I think I would want to add WebSphere Application Server for z/OS. Version 7 is available, and I could put it in a 1 MSU softcapped LPAR on my home mainframe (and send my SCRT reports to IBM). The one-time license fee would be only about $2564, and my annual subscription and support fee would be only about $512 per year (about $43 per month). That's roughly 80% less than it would be to put WebSphere Application Server Network Deployment on a single core X86 CPU, and WAS z/OS also looks lower priced than it was in 2006, so I certainly have no WebSphere complaints.

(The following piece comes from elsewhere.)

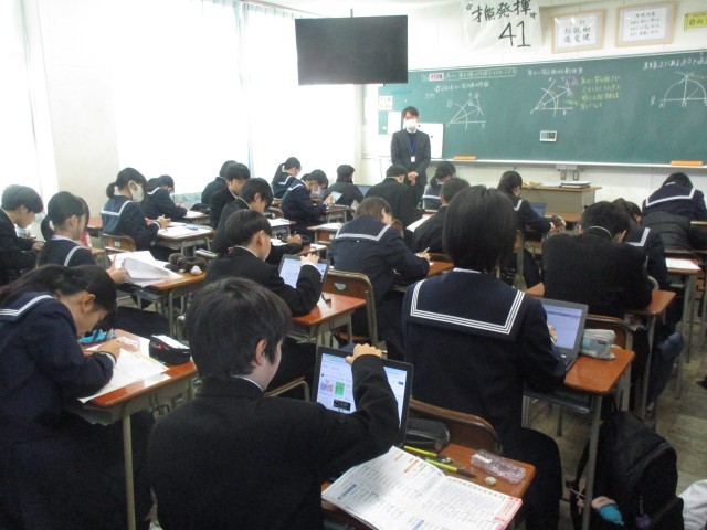 12月23日(火)1学年 授業風景 公開日 2025/12/23 更新日 2025/12/23 1学年 1学年の授業の様子を紹介します。【画像1】国語:書写「伝統芸能」【画像2】英語:ペアゲーム Q&A【画像3】保健体育:柔道【画像4】数学:角の二等分線の作図をマスターしよう +1 1学年

Note that all dollar amounts are U.S. prices. Like many large businesses, including Google, my Singapore home data center (i.e. my closet) is chock full already. As it happens, I've run out of space due to all the moving boxes piled up inside, much like those businesses have run out of space, power, and/or cooling due to all the servers and storage they've put inside their overstuffed data centers. (My home data center is so full that I'm constantly tripping over boxes. Sound familiar?) So my goal of installing and running my personal home mainframe will have to wait. But if I can consolidate and virtualize the contents of my moving boxes, my goal will be that much closer. I wonder if System z can consolidate shoes and kitchenware....
UPDATE: IBM has introduced yet another option: the Rational Developer for System z Unit Test feature. For specific allowed uses (within application development), it, too, is a personal mainframe.